Pictures are to be dropped, and only the lines from the one containing "Scrittoio da centro, XX" through the end of the data below are to be reproduced as written.

## [Stored data]
--*--

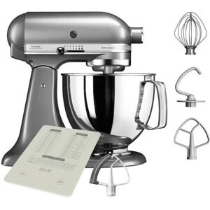 FREE Mary Berry At Home Digital Scale Worth £24.95 & A FREE KitchenAid Artisan Flex Edge Beater Worth £49.00 The KitchenAid KSM125 Artisan 4.8L Tilt-Head Stand Mixer finished in Contour Silver. The instantly recognisable design of the KitchenAid Artisan Mixer can truly be described as iconic. The sweeping curves and rounded head give it a presence in the kitchen that other mixers can only dream of. It's not all about the looks with this mixer though. Its full metal construction is robust and stable and the direct drive motor provides plenty of power to the attachments or accessories. The stand mixer's original planetary action eliminates the need to rotate the bowl by spinning the beater clockwise and the shaft counter-clockwise, moving the beater to the edge of the bowl at 67 different points. A wide range of attachments are available for the KitchenAid Artisan mixer, taking it way beyond being just a mixer. These are easily attached via the multi-purpose attachment hub. The KitchenAid KSM125 Artisan mixer comes with these standard accessories in the box: 4.8L STAINLESS STEEL BOWL - can process up to 12 egg whites and 1kg of flour. WIRE WHISK - for whipping up light and airy meringues and cream. DOUGH HOOK - for kneading dough. FLAT BEATER - general purpose mixing beater. For peace of mind the 4.8L Artisan tilt-head mixer comes with a 5 year KitchenAid warranty.
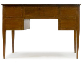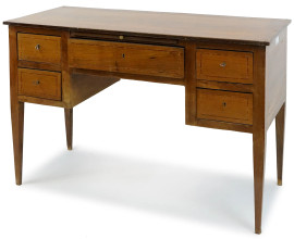 Scrittoio da centro, XX secolo, in legno impiallacciato e filettato, a cinque cassetti con pianetto estraibile, gambe ad obelisco rovesciato, cm 80x116x52, (difetti)
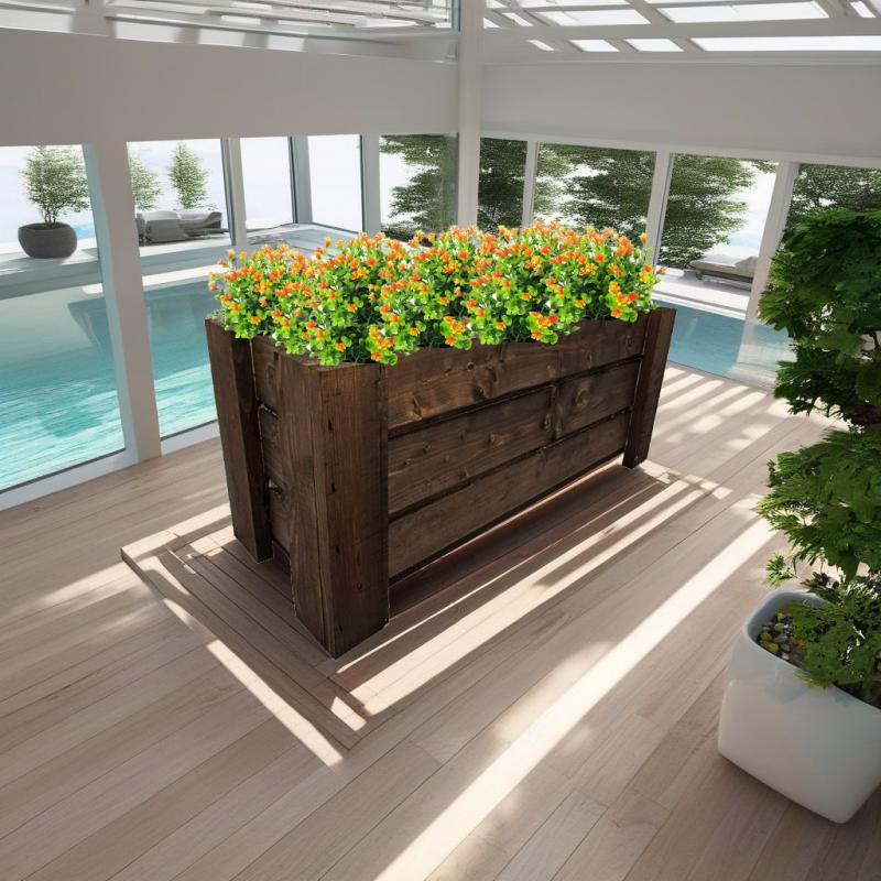 Drewniana doniczka na kwiaty jest idealnym uzupełnieniem każdego ogrodu i tarasu. Drzewo sosnowe z nielicznymi zdrowymi sękami podkreśli każdą aranżacje. Do każdej doniczki dołączamy czarny wkład foliowy na ziemię aby nie było styczności mokrej ziemi z doniczką. Do nadania koloru donicom używamy farb wodnych ( hydrofobowych) dzięki nim donice drewniane sprawdzą się w warunkach zewnętrznych nie tracąc swojej intensywności koloru. Jakość za rozsądną cenę.
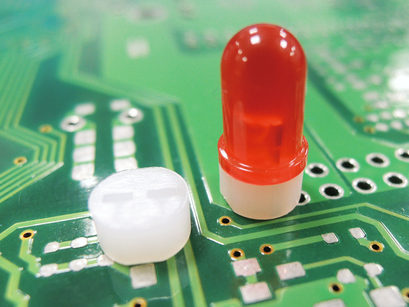 Bi-Lead LED Spacer Mount. The design keeps the 2 leads seperated from each other. Length 3.0mm. Nylon 66. Available in Natural and Black

--*--

## [Output of the exercise]
 Scrittoio da centro, XX secolo, in legno impiallacciato e filettato, a cinque cassetti con pianetto estraibile, gambe ad obelisco rovesciato, cm 80x116x52, (difetti)
 Drewniana doniczka na kwiaty jest idealnym uzupełnieniem każdego ogrodu i tarasu. Drzewo sosnowe z nielicznymi zdrowymi sękami podkreśli każdą aranżacje. Do każdej doniczki dołączamy czarny wkład foliowy na ziemię aby nie było styczności mokrej ziemi z doniczką. Do nadania koloru donicom używamy farb wodnych ( hydrofobowych) dzięki nim donice drewniane sprawdzą się w warunkach zewnętrznych nie tracąc swojej intensywności koloru. Jakość za rozsądną cenę.
 Bi-Lead LED Spacer Mount. The design keeps the 2 leads seperated from each other. Length 3.0mm. Nylon 66. Available in Natural and Black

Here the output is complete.